Once you have your protein down, the burger should be a cinch. Not so fast, say many operators who know that what goes on top of the burger is as important as the meat itself. The build-your-own burger concept is gaining momentum with consumers yearning to show their creativity.
Square One takes topping its burgers very seriously. In fact, the caramelized onions they offer on numerous burgers are slow cooked for 12 hours, says Milner. The menu also features a “Build-a-Burger” section, where customers can pick from the 10 protein options and choose their bun or the healthier option of having their meat over greens.

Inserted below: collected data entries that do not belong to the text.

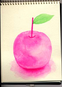 スケッチブックジャックしたりんご。水族館時、友の未使用スケッチブックを占領してしまったりんごです。 ・・・それにしても。またやっちゃったよー。今日、服裏返して着ちゃってた!!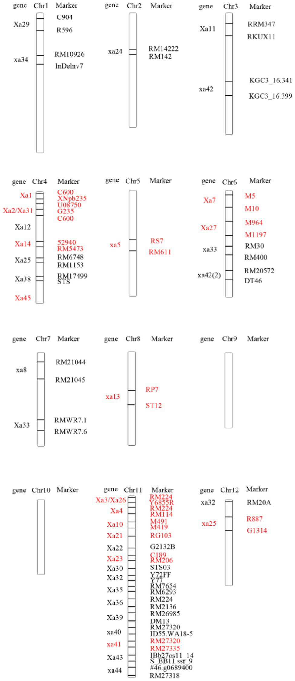 Two resistance genes were located on rice chromosome 12: xa25 and xa32.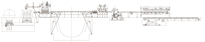 Standard devices: charging cart, uncoiler, feeding machine, position-limited device I, leveling machine, storage bin position-limited device II, precisely coordinating size forming machine, shearing plate machine, transmission working table, pneumatic discharging frame, hydraulic lifting table, hydraulic system, and electro-pneumatic system.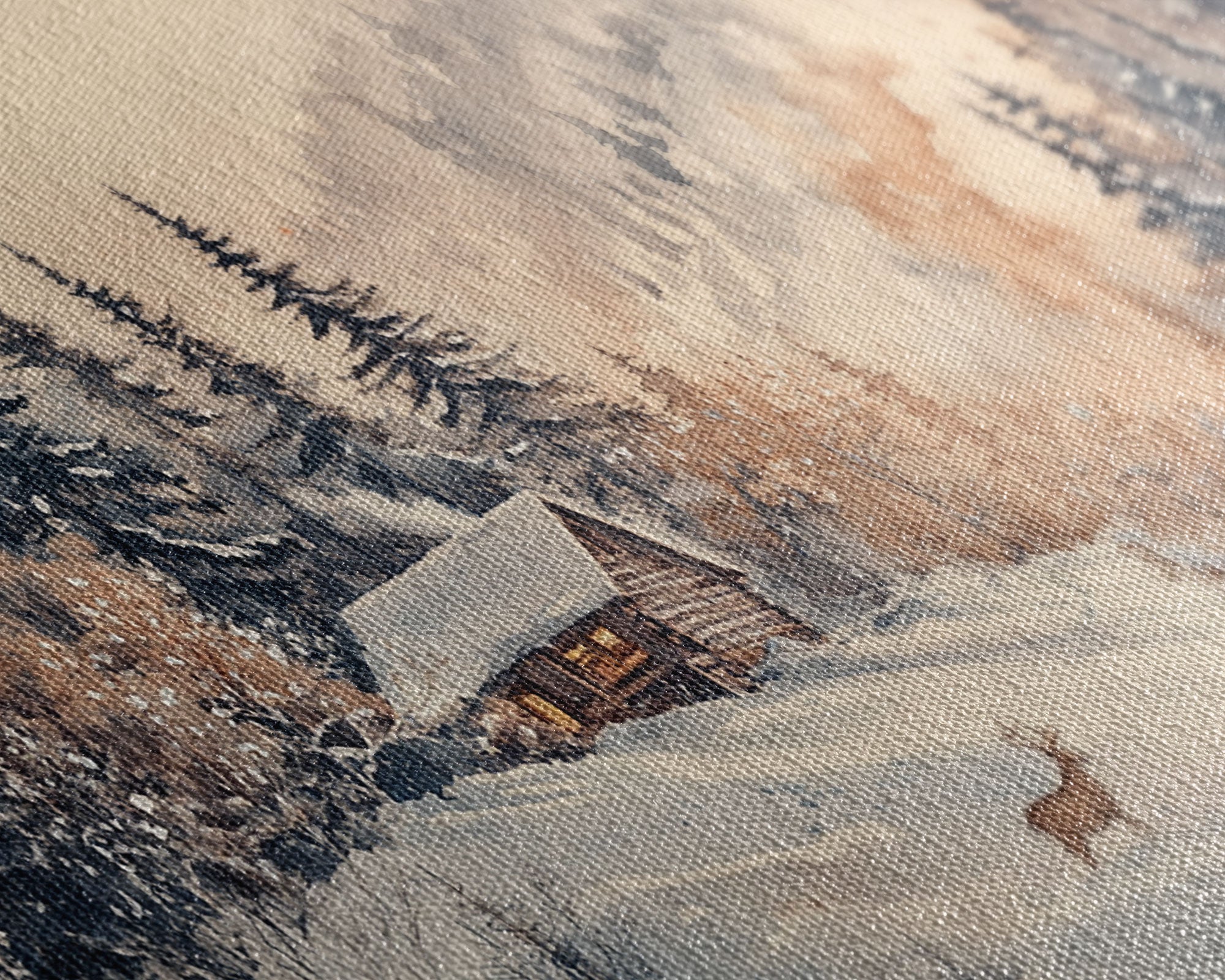 Christmas winter cabin Canvas Print snowy mountain cabin deer cozy holiday wall art winter wonderland seasonal decor Christmas gift idea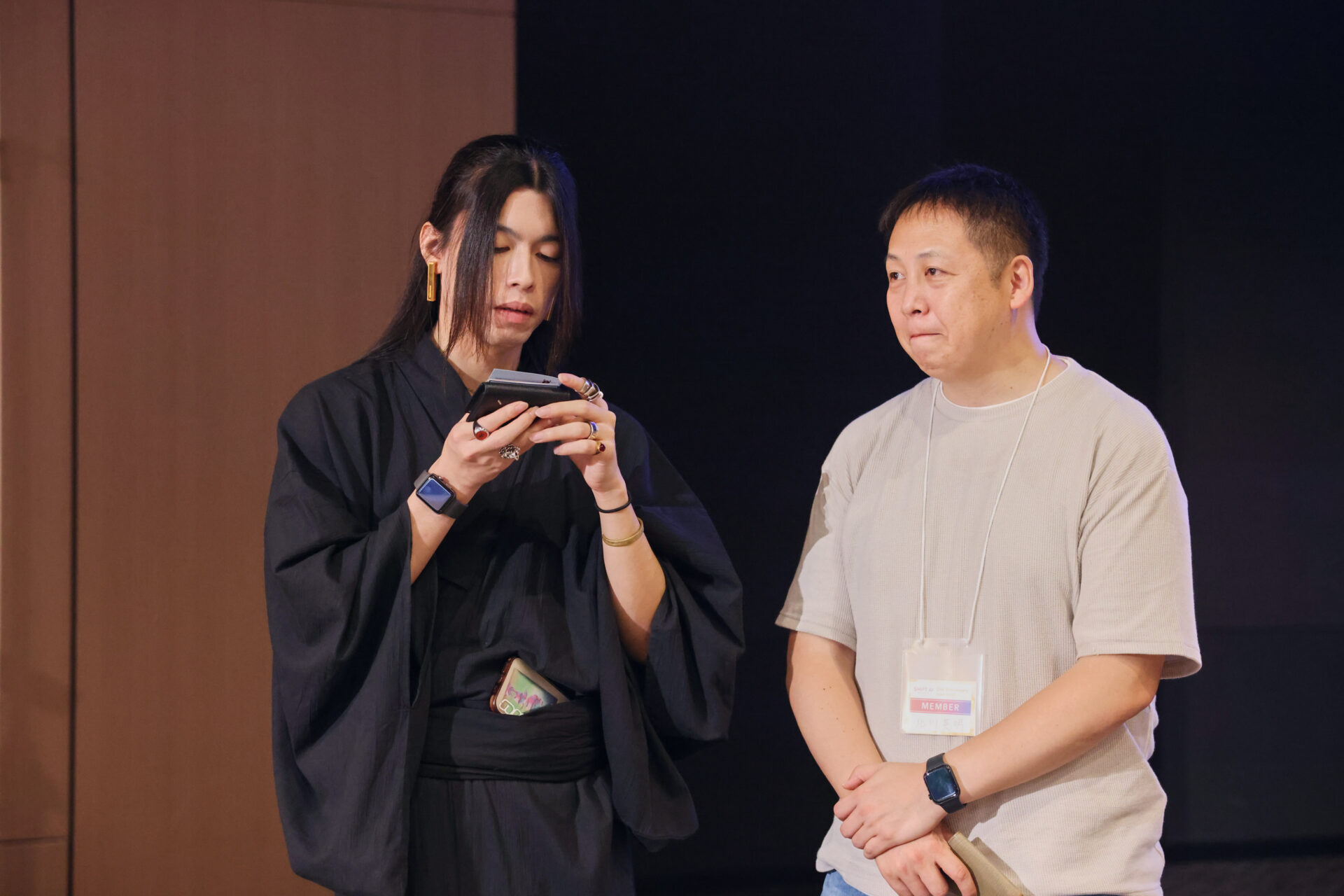 その頃、ステージ袖では登壇直前まで木内さんと西田さんが最終の打ち合わせ。短く交わされる言葉の奥には、積み重ねてきた信頼と緊張が入り混じります。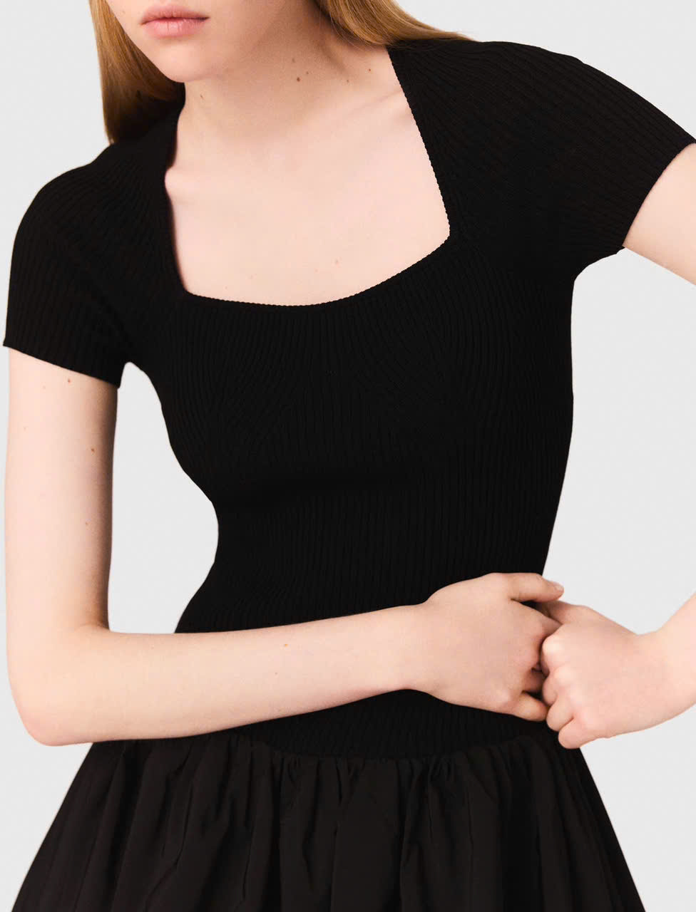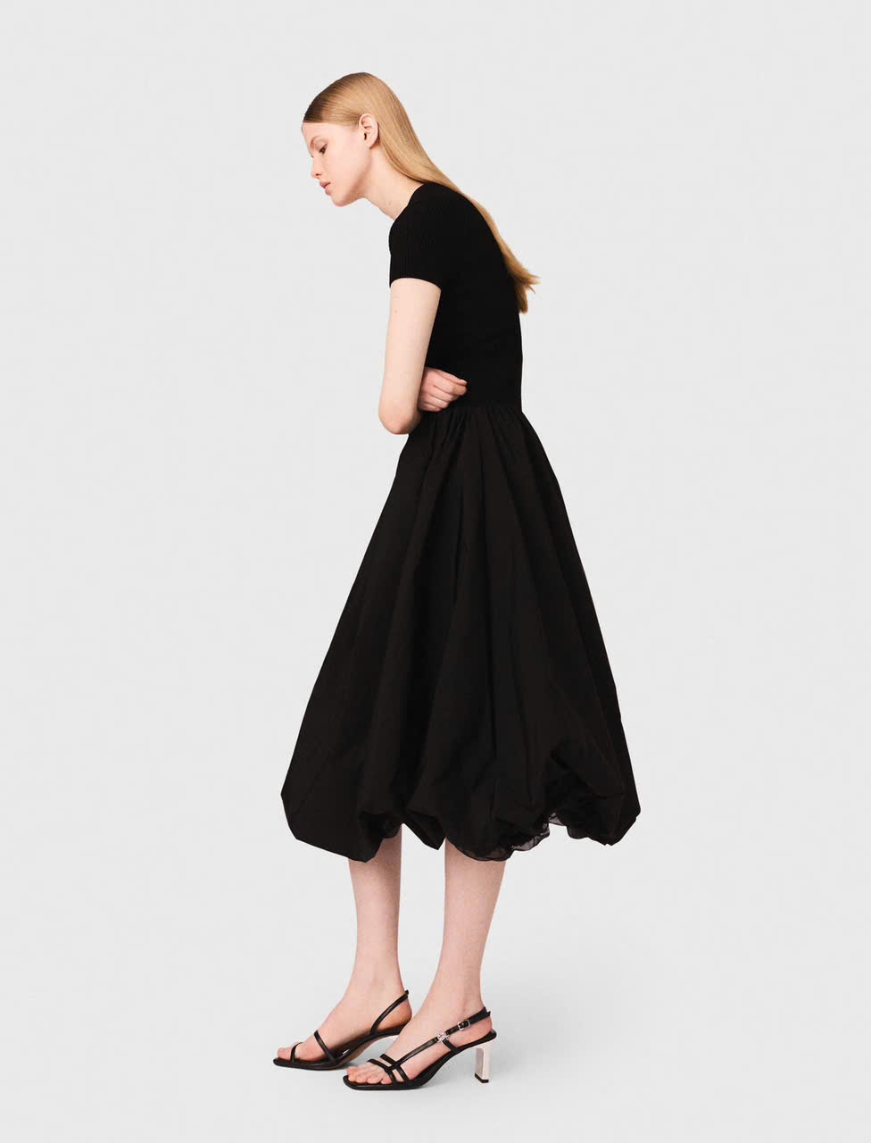 Váy MIDI dệt kim họa tiết hoa màu đen

Next they choose from 11 sauces, 10 cheeses and various other toppings including roasted corn and black bean salsa and grilled pineapple rings.
“A lot of people try to get creative and come up with something different for their burger,” says Milner. “Regulars like to come in and one-up themselves on what they had before.”

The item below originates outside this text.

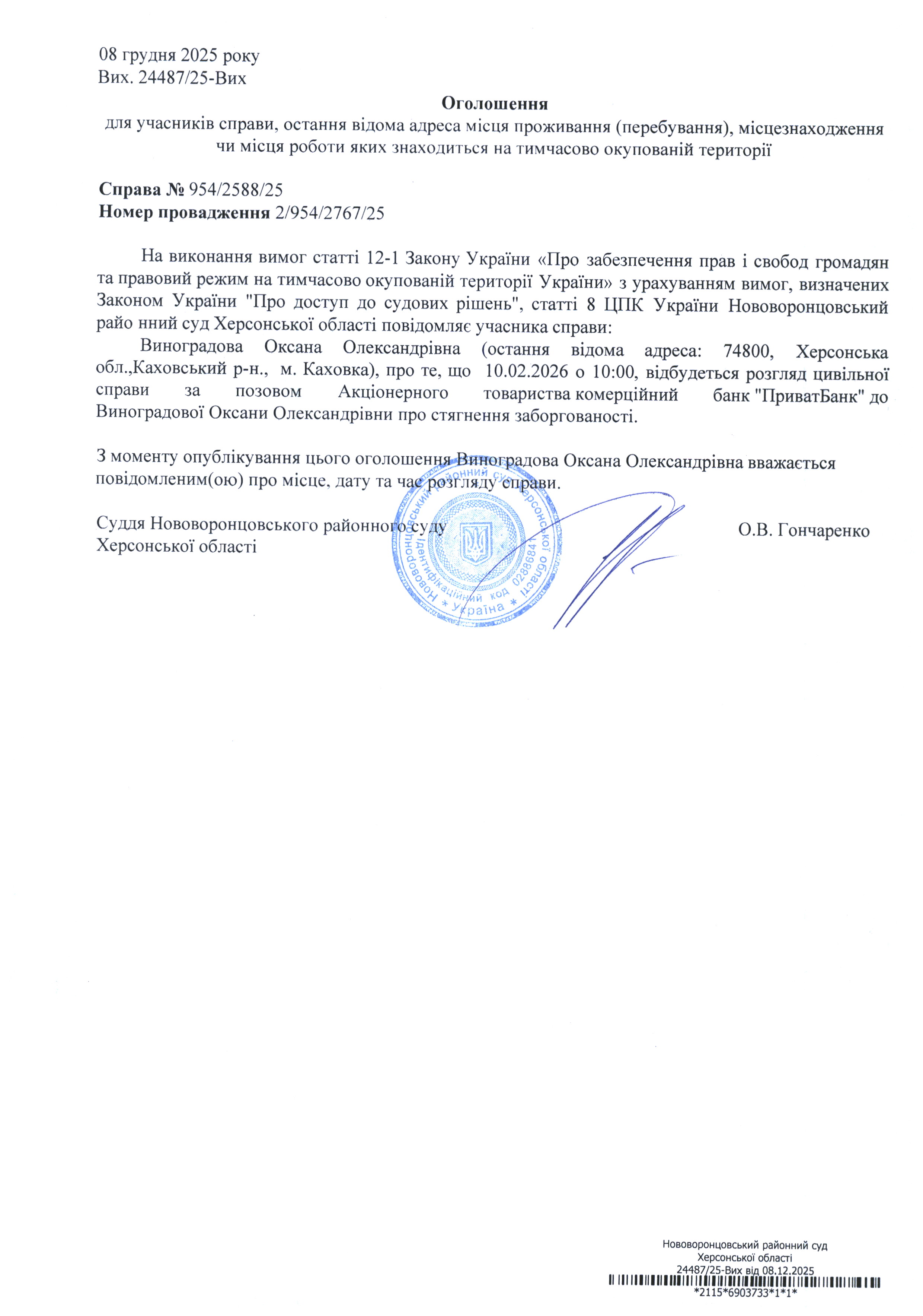До суду викликається Виноградова Оксана Олександрівна на 10 год. 00 хв. 10 лютого 2026 року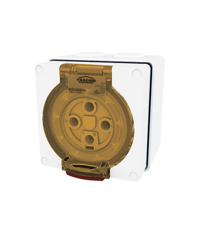 Trader Buffalo Socket Outlet IP66 32A 500V ac 4 Round Pin Chemical Resistant White

A similar scene occurs at Big Daddy’s, where premium toppings include rosemary ham, jalapeño bacon, applewood-smoked bacon and crispy onion straws, among dozens of cheeses like Brie, white cheddar and homemade mozzarella.
At Stanton social, however, Santos doesn’t allow any variation to his Kobe sliders except opting for the sauce on the side. Though he will offer a build-your-own option at his soon-to-open burger tavern, he admits there is a down side. “If customers pick things that don’t really go together, it leaves a bad impression of the restaurant,” he explains. However, “if you build the menu correctly, you can make sure that most combinations will go well together.”

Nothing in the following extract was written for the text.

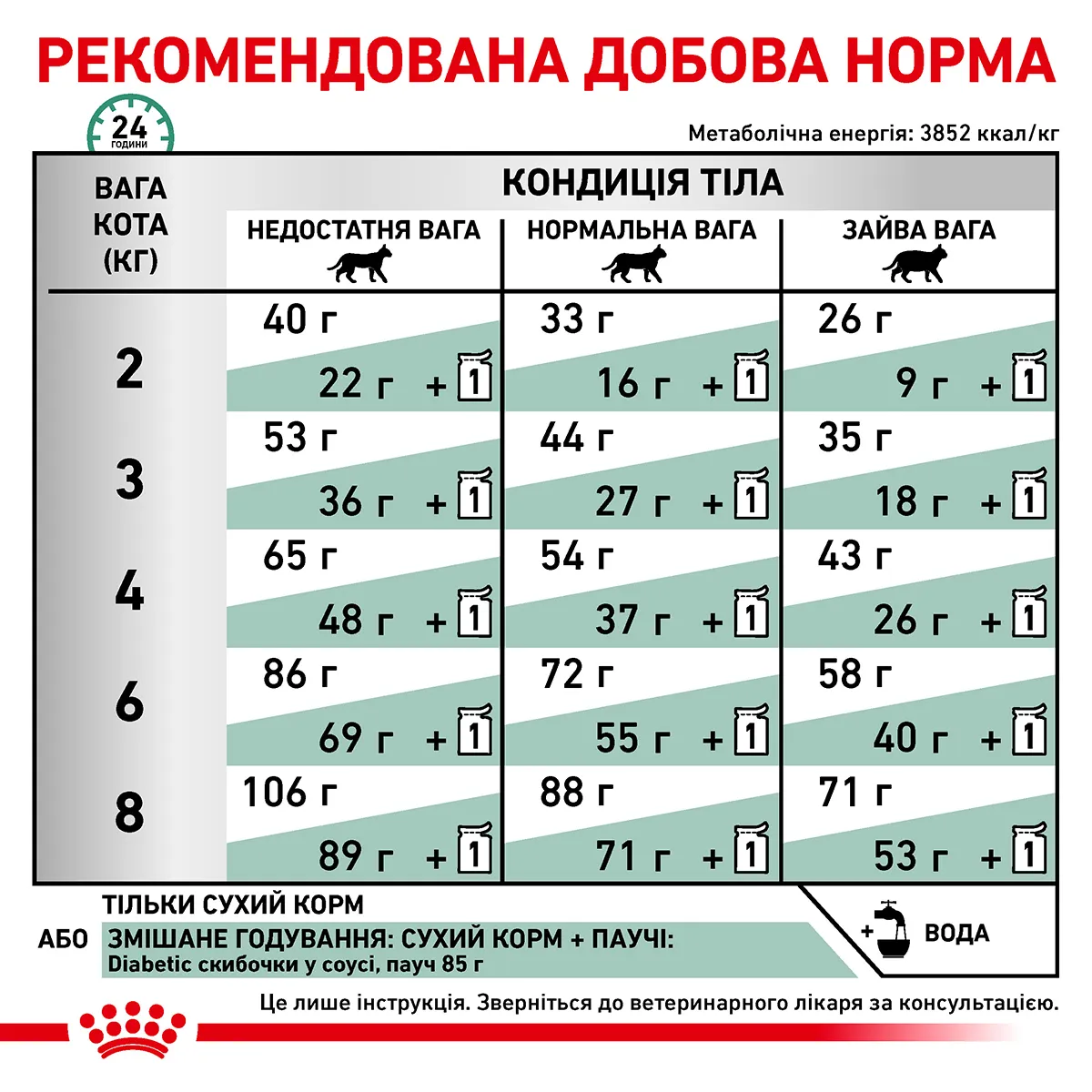 | Вага кота, кг | Недостатня вага | Нормальна вага | Надлишкова вага |

Milner doesn’t have any concerns about customer combos. “If they have a certain desire that includes a specific cheese and sauce, we’ll let them try it,” he says. After all, “it may taste good to them.”
Wong at Prime concurs. “Everyone has a different interpretation of what his or her ultimate burger experience looks like,” he says. “We do try to guide people by training the wait staff on what goes well together. Most people who build their own know what flavors go well together. If they go too far off the reservation, we guide them through it.” Prime offers 11 different sauces, eight cheese and 20 toppings for its six different patties.
With a little creativity and fun with toppings, operators continue to find success with high-quality burgers. And pairing them with wines is proving to enhance the dining experience while increasing beverage sales and interest.